Gary Torgow wasn’t a great lawyer, disenchanted with the legal fighting and motion calls.
He said so himself last week during an event held at Huntington Place, the downtown Detroit convention center that now bears the name of the $210 billion bank of which he is chairman of the board.
So, naturally, when Torgow was approached by someone in a neighboring office suite many years ago about the potential for investing in a Detroit real estate deal, he was intrigued.
The problem?
“I didn’t really have any money,” Torgow said during Derek Dickow’s Power Connections commercial real estate event held June 24-25.
Torgow also told the potential business partner many years ago that he didn’t have any experience in the Detroit real estate market.
“’Well, none of us do,’” Torgow recalled the unidentified business partner saying back to him.
In the end, Torgow and several investors cobbled together the 10% down payment needed to purchase a 109-unit vacant apartment building in Detroit’s Brush Park neighborhood, many years before the wave of new development and redevelopment hit the now-chic enclave north of downtown.
Scraping together the cash may have been a challenge, but apparently, there wasn’t much competition for the building.
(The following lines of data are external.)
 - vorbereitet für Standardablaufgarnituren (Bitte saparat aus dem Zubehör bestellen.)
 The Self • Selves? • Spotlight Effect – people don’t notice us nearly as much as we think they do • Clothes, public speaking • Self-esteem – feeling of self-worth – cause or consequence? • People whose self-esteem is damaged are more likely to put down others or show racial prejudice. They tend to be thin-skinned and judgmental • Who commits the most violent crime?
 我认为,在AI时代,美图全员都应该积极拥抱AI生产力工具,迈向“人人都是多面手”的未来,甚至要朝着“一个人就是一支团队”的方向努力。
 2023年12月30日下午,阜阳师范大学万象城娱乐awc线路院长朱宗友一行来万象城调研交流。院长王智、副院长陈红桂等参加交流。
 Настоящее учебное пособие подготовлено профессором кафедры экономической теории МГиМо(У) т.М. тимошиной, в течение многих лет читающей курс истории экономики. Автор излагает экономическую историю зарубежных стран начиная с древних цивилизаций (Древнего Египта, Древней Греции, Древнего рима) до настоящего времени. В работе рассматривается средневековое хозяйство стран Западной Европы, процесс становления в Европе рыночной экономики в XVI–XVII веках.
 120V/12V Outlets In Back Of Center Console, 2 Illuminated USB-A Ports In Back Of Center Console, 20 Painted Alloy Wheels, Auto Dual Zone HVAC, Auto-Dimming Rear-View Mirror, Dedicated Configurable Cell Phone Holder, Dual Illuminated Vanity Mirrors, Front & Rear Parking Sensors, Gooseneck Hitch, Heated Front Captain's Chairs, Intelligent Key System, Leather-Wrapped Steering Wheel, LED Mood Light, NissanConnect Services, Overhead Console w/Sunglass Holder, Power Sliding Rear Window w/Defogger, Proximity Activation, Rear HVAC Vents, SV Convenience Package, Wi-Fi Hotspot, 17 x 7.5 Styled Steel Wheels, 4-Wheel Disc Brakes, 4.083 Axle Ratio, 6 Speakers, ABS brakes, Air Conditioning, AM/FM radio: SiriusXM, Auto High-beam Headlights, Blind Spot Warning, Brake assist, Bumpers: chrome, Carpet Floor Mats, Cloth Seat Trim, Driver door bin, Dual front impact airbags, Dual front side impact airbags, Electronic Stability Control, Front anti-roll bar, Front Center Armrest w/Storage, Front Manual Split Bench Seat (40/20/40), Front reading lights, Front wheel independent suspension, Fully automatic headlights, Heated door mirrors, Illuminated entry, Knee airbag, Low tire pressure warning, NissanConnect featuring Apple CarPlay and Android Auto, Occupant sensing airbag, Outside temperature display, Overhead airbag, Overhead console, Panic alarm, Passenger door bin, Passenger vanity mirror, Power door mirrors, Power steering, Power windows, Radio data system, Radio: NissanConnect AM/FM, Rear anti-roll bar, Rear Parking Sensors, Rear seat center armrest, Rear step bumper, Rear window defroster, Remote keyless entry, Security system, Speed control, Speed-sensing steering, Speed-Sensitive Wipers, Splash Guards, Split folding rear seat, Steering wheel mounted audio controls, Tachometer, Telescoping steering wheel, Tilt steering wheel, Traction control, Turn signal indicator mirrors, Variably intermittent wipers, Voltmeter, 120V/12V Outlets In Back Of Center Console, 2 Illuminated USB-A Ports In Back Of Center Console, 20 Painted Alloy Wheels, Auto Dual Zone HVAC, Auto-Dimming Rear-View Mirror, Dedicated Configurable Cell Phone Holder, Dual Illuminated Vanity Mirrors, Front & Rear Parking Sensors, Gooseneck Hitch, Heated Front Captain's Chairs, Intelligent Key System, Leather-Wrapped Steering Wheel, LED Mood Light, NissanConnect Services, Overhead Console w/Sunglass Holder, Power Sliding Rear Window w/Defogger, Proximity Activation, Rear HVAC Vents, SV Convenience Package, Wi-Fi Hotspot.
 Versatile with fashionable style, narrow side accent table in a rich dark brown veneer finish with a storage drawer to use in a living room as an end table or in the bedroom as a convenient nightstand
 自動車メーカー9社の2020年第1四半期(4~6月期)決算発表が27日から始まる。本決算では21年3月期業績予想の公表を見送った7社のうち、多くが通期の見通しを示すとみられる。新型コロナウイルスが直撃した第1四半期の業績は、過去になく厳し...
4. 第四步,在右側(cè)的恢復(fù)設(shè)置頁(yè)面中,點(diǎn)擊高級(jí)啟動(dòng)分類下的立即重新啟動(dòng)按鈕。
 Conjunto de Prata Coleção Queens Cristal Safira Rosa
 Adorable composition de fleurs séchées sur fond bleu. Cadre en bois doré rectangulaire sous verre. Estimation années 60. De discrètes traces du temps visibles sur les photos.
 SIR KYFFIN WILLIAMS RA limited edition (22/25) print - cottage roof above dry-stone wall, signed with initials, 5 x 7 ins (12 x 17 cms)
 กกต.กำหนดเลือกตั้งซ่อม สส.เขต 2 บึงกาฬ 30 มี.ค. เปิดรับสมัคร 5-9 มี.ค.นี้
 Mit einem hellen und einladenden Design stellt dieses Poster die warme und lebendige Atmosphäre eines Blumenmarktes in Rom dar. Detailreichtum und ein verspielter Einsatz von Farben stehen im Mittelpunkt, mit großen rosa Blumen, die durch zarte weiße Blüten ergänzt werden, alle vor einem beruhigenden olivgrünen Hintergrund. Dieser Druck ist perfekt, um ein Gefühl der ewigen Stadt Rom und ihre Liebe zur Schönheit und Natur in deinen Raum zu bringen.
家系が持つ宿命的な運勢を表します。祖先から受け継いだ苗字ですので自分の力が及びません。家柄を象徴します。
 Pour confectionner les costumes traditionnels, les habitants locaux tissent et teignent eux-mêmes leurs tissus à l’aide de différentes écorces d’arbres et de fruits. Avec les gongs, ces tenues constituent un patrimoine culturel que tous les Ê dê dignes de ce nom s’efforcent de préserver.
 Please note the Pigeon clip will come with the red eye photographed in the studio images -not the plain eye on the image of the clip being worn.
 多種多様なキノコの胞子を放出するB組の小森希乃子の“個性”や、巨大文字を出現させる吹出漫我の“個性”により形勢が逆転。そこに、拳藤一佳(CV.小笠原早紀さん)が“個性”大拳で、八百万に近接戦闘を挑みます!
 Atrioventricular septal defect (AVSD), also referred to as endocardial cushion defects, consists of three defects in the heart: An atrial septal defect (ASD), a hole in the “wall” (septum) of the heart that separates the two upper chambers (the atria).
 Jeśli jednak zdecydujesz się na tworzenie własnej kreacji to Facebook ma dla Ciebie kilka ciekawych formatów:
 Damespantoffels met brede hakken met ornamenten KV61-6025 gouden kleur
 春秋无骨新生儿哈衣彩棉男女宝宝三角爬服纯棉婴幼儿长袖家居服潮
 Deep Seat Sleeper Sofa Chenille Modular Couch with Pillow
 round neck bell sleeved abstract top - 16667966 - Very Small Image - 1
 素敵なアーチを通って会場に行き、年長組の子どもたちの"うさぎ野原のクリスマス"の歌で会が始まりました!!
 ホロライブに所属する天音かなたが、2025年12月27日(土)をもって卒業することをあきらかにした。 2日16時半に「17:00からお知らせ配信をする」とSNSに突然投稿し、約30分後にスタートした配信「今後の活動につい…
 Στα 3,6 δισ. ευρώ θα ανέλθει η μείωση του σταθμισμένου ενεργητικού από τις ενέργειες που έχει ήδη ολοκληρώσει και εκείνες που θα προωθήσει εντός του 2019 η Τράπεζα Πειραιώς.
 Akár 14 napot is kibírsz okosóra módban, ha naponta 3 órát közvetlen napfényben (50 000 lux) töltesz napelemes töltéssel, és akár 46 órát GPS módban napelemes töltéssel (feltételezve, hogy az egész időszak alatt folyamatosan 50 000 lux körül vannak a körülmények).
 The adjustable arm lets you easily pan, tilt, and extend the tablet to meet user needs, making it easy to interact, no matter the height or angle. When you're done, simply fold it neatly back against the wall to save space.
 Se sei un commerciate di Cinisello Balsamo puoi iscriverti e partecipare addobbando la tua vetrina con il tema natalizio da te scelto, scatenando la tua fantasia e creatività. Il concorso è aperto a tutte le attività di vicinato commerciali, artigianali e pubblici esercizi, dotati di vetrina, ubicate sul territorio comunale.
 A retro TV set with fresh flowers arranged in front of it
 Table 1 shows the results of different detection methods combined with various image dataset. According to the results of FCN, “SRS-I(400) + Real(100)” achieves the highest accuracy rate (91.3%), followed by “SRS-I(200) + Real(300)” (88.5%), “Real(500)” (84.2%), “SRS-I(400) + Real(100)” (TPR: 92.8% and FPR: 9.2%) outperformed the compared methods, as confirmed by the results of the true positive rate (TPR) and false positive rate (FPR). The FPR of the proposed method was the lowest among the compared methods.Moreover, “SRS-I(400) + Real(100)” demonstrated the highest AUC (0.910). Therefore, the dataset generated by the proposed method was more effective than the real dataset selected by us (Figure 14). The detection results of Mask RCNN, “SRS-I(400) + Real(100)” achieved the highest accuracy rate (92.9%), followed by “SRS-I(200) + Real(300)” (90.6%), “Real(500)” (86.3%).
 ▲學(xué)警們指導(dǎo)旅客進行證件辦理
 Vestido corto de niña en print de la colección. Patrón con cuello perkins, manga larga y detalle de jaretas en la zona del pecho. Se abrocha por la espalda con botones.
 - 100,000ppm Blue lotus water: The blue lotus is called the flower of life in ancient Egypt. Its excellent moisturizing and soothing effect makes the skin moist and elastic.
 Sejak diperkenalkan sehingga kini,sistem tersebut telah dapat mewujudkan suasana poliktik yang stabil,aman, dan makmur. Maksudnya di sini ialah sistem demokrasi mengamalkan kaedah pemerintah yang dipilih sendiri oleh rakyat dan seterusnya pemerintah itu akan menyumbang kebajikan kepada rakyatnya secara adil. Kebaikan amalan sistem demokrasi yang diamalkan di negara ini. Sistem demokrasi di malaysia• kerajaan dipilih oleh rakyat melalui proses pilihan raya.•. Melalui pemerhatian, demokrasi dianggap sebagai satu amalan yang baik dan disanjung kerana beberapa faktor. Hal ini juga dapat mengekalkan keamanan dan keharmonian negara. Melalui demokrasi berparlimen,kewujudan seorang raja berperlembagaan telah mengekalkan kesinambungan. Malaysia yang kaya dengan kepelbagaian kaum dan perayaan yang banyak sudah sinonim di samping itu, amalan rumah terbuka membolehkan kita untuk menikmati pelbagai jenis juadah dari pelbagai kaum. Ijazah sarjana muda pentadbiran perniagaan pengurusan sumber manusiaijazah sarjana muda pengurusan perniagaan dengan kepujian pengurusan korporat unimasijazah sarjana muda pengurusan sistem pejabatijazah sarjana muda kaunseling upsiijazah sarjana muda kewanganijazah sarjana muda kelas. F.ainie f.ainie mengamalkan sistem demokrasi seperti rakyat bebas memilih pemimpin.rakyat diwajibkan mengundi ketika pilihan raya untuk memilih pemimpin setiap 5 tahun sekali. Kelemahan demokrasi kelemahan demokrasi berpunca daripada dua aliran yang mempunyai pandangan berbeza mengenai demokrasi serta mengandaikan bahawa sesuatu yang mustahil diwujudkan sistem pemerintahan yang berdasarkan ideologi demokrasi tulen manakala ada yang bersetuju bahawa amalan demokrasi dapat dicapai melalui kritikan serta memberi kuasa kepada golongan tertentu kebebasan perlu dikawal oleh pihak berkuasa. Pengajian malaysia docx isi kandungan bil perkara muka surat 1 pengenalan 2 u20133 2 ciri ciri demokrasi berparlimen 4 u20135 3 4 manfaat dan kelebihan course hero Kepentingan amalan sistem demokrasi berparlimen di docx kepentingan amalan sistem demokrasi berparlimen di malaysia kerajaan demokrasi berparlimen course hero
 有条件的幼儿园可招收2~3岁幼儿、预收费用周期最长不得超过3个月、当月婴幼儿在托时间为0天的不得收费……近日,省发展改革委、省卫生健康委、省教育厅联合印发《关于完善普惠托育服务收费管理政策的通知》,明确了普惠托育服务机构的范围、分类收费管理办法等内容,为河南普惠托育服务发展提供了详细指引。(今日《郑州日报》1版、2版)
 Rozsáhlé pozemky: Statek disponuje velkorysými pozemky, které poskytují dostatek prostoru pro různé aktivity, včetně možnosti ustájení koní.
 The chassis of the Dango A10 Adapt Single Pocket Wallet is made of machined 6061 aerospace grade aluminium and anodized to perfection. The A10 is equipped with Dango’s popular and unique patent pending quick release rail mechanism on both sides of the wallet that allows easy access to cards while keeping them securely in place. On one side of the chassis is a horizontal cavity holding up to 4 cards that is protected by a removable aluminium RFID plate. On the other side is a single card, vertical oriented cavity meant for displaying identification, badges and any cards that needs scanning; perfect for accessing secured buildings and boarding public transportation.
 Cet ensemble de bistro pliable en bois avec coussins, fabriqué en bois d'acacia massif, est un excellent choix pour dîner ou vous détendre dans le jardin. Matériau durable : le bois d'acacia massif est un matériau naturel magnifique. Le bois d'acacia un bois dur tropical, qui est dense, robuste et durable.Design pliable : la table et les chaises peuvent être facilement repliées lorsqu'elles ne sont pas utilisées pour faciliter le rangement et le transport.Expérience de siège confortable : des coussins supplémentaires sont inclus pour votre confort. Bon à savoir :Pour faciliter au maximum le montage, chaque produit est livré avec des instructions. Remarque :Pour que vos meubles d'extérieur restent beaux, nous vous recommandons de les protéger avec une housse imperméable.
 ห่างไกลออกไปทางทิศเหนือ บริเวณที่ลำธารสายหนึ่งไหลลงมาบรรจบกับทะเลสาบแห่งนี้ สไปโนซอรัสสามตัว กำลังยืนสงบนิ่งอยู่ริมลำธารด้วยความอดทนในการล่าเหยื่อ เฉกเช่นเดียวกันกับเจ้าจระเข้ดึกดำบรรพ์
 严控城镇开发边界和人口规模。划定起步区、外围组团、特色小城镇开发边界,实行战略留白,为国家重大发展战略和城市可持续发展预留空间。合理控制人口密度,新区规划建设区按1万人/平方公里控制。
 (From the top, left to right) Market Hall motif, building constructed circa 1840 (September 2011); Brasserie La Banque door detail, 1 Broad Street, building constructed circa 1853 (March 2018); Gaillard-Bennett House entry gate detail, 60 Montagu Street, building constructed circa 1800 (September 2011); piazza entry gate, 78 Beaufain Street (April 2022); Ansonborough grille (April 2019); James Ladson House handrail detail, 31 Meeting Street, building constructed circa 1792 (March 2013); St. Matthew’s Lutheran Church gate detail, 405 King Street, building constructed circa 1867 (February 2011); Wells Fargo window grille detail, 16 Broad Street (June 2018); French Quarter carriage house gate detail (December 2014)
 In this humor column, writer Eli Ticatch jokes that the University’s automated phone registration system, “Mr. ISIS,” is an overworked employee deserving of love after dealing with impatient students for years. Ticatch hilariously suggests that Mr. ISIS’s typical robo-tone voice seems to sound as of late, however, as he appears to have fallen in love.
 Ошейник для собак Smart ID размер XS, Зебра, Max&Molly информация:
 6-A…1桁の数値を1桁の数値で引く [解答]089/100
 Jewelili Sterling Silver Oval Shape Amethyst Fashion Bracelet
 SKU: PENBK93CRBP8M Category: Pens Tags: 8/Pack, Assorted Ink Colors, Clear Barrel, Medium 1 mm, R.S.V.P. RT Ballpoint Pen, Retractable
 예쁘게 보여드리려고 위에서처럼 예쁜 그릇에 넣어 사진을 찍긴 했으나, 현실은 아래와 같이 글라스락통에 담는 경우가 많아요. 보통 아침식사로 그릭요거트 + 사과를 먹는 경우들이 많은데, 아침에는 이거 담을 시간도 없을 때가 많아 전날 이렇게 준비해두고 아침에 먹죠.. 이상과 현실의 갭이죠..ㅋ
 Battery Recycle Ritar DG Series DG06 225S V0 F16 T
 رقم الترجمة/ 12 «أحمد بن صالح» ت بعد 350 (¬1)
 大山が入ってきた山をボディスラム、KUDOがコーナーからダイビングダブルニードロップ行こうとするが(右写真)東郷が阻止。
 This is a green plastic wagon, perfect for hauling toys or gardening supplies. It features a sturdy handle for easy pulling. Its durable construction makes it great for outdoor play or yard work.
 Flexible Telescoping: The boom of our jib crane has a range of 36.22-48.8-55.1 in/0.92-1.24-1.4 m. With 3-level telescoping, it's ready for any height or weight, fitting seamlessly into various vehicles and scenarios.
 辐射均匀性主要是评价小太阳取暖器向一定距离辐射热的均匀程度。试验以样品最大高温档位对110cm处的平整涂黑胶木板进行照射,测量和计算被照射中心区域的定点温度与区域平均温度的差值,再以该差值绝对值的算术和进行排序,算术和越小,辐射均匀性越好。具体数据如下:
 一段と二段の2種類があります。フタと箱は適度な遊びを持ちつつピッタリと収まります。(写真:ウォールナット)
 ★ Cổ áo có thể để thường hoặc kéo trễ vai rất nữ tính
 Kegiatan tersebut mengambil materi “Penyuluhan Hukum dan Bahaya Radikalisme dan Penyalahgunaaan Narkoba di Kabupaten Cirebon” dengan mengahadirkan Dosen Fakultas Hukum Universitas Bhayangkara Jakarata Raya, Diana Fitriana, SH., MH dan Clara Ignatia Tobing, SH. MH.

When Torgow was told he and his investment team were successful with their offer, he asked how many others they beat out.
“’None,’” he recalled being told.
Thus began Torgow’s commercial real estate career, which was solidified when he started Detroit-based The Sterling Group in 1988.
The company, now run by his adult children, has emerged as a force in the Detroit real estate scene since then, particularly during the last seven or eight years.